An abstract for Olivia Rianhard’s thesis is included below.
Defences are open to all members of the campus community as well as the general public. Registration is not required for in person defences.
ABSTRACT
The response of ectomycorrhizal fungi (EMF) to high elevation logging is understudied. Furthermore, studies of EMF communities after logging often focus on openings without examining adjacent uncut forests. This study investigated EMF communities on Engelmann spruce and subalpine fir roots in and surrounding openings in interior British Columbia. Studies conducted at the same site three seasons after logging found a decline in EMF richness and diversity (i) on roots of cut trees as they died; and (ii) on roots of young seedlings planted at > 16 m into the openings as compared to seedlings planted at the forest edge. Additionally, EMF communities in the openings remained different from those in the forest 15 years after logging. I returned to the same site 27 years after logging; I hypothesized that forest influence on EMF richness and community composition would not have progressed further into the openings since last studied due to persisting environmental heterogeneity between the openings and forest.

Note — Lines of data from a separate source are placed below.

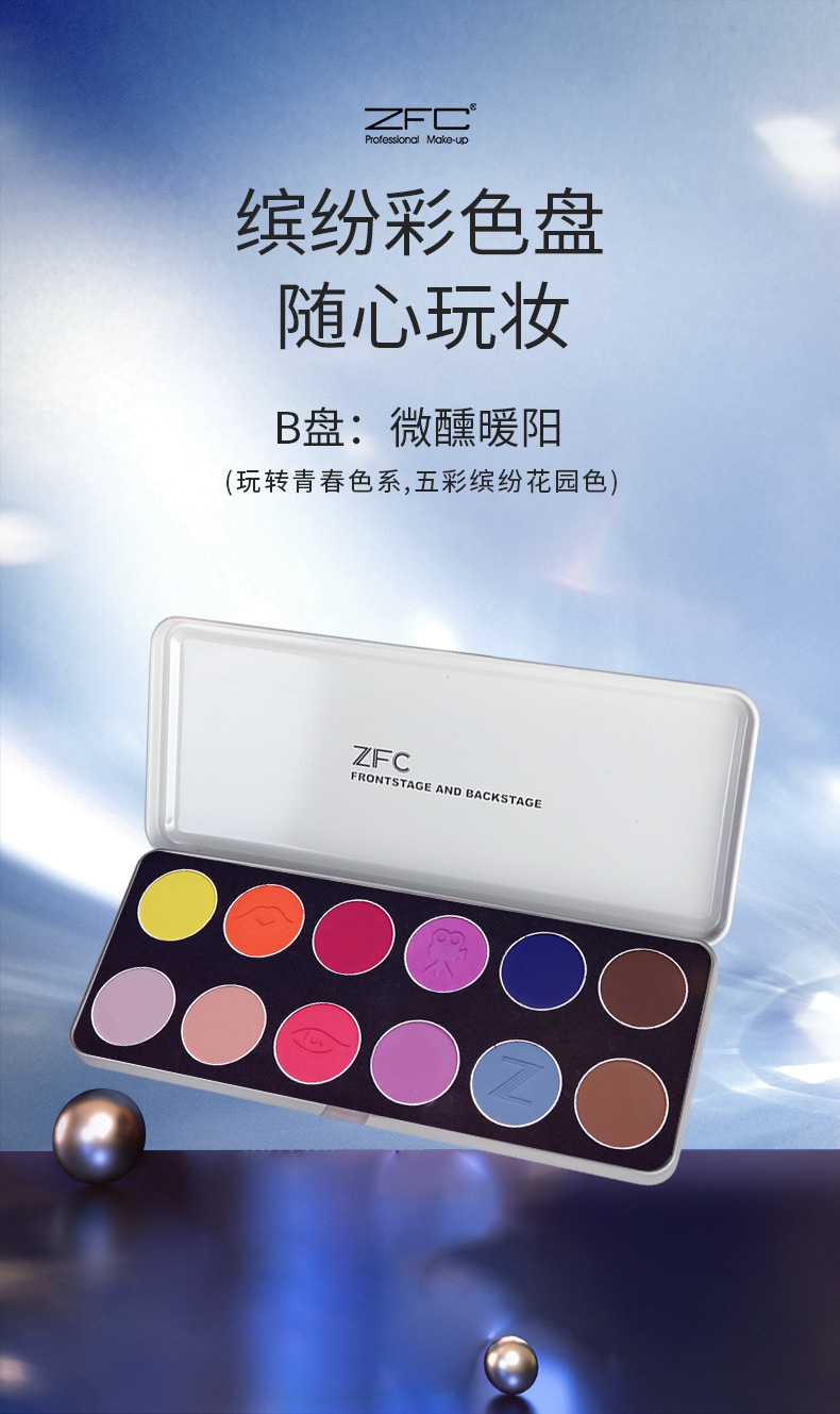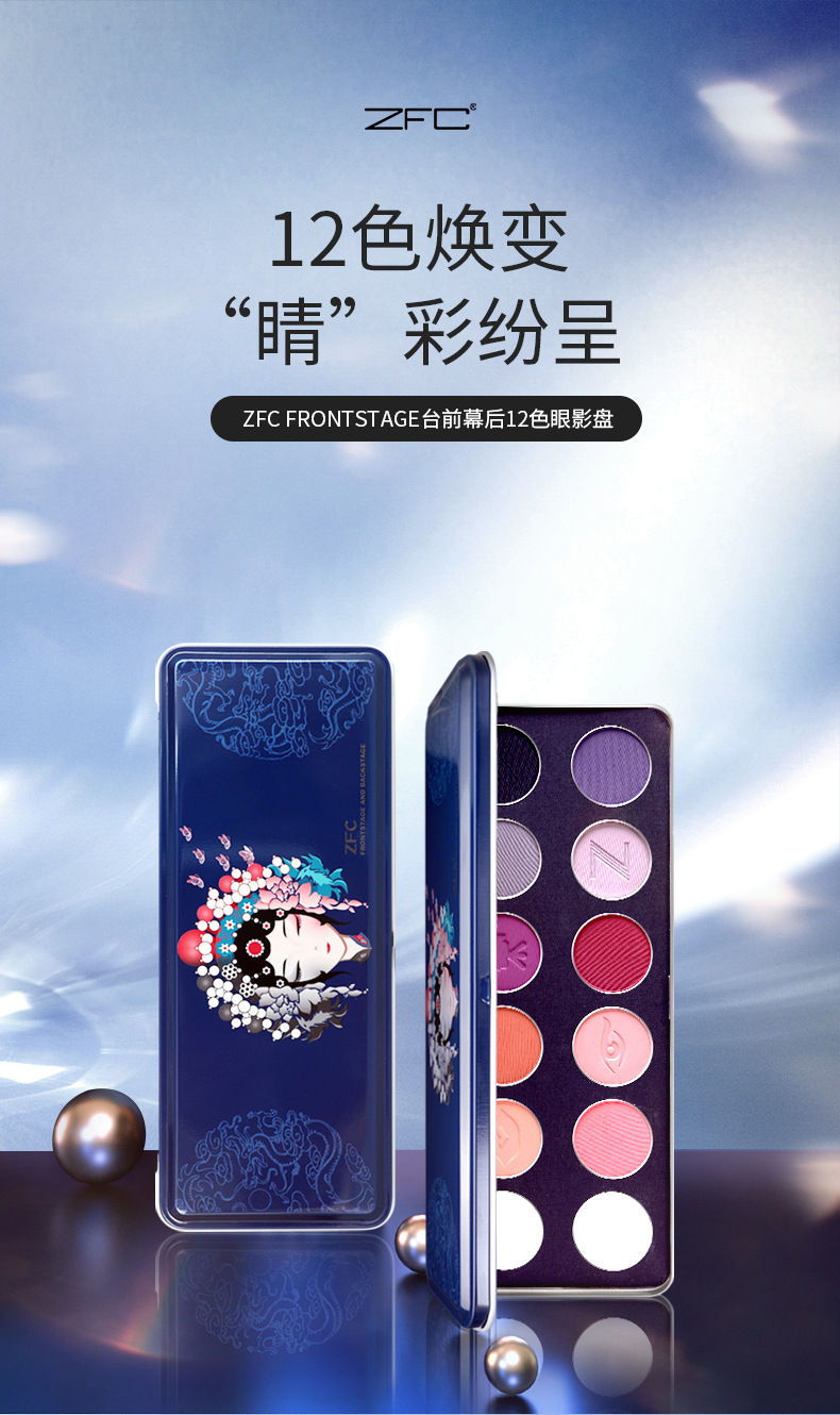 商品名称:ZFC台前幕后12色裸色眼影盘复古12色日常色偏光影视舞台专业彩妆
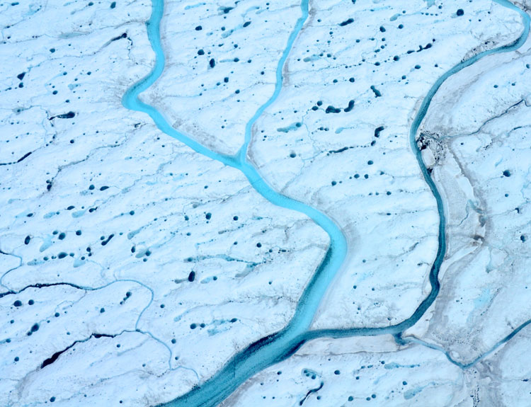 As sunlight returns to Greenland, ice melts and meltwater streams into depressions in the ice to form supraglacial lakes. (Photo by Laura Stevens, Woods Hole Oceanographic Institution)
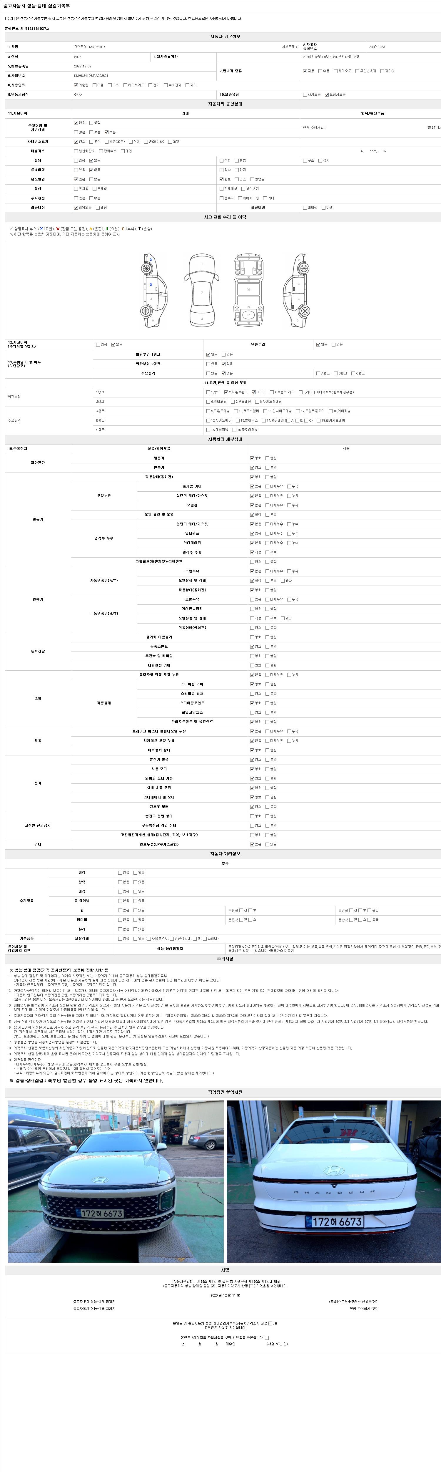 사고유무 성능기록부 참조 제시번호 제 2025041163 호
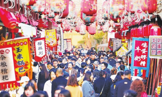 手持一张天水核心景区的门票,游客王英不仅饱览了伏羲庙深厚的文化底蕴,还意外收获了满满惊喜:“天水每年都给我带来‘新意’。刚买完门票就领到了麻辣烫礼包,住宿还能打折。这里的年味,又浓又实惠。”这样的“新意”,彰显了天水文旅产业“以新引客”焕发的蓬勃活力。
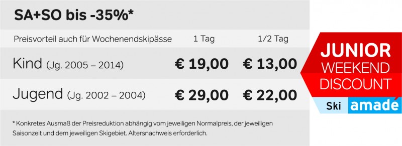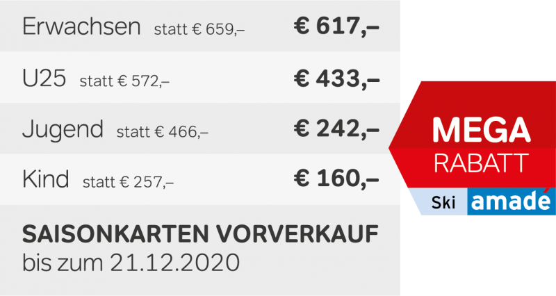 Alle Damen und Herren (Jhg. 2001 und früher geboren), erhalten bei der Buchung von mindestens 7 Nächtigungen (für 2 Personen) zwei 6-Tagesskipässe (1 + 1 gratis Skipasspaket) in einem teilnehmenden Unterkunftsbetrieb.Zu den Amadé Packages
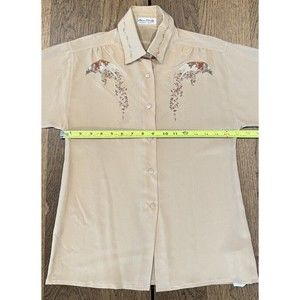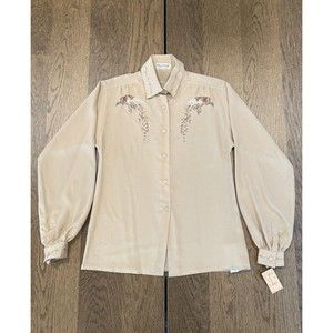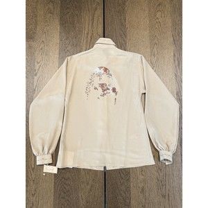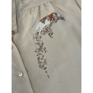 Vtg Amen Wardy Newport Beach Button Up Blouse Women’s 40/M Beige Graphic Print
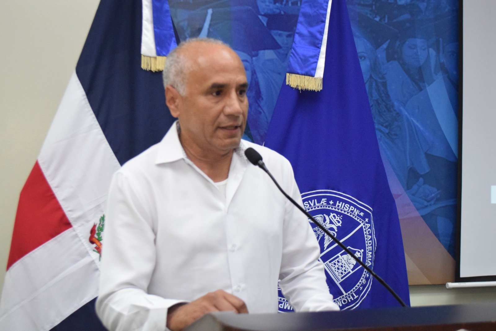 Durante el acto inaugural, el maestro Rafael Veras Granados, Subdirector Administrativo del Recinto, ofreció unas palabras en representación del Director General, maestro Juan Arias Fuentes, resaltando la importancia de preservar la memoria histórica de la nación dominicana.
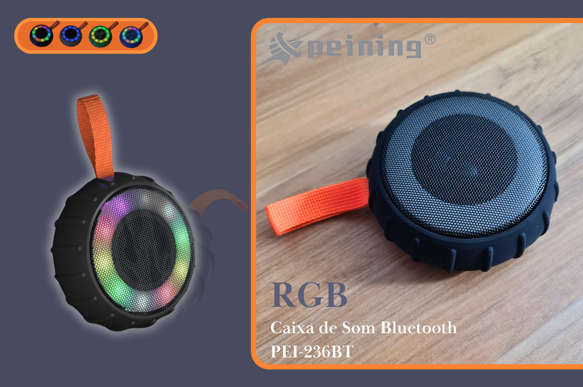 Caixa de Som Bluetooth RGB PEI-236BT: Compacta, Versátil e Resistente
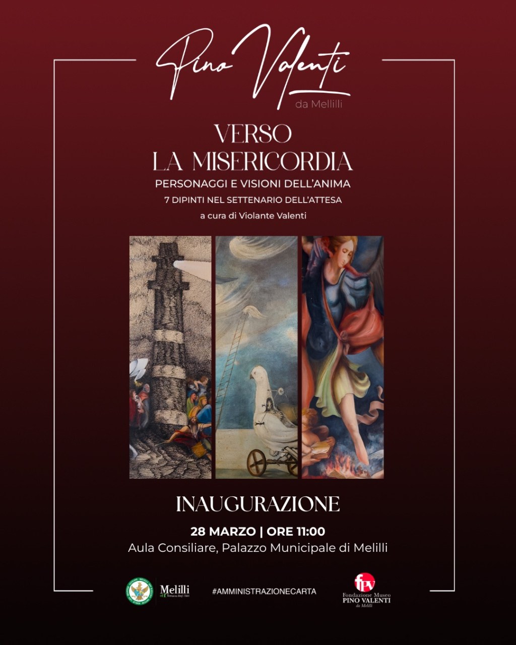La Fondazione Museo Pino Valenti da Melilli, in collaborazione con il Comune di Melilli, inaugura la mostra “Verso la Misericordia. Personaggi e visioni dell’anima”. L’evento si terrà sabato 28 marzo 2026 alle ore 11:00 presso l’Aula Consiliare del Palazzo Municipale di Melilli. L’ingresso è libero e aperto alla cittadinanza.

I also investigated the EMF community in the forest for the first time at this site. I conducted Pacific Bioscience (PacBio) sequencing on ectomycorrhizal root tips of spruce and fir collected from the forest and openings and found that the EMF community in the forest was still different than that in the openings. The forest community had 76.35% greater richness and an overall different composition than opening communities. While the forest was characterized by late-seral associated taxa such as Russula spp., opening communities were still characterized by ruderal taxa including Amphinema byssoides and Thelephora terrestris. I also found (i) no change in the extent of forest influence on EMF richness or community composition in the openings; and (ii) no threshold distance into the forest at which EMF richness or community composition changed. These findings indicate that though EMF succession in the openings is slow after logging, the EMF community in the surrounding uncut forest is not strongly affected by fragmentation. Therefore, similar forests may benefit from methods of timber harvest that increase forest influence by maximizing the edge to area ratio of openings or increasing environmental homogeneity between the forest and openings.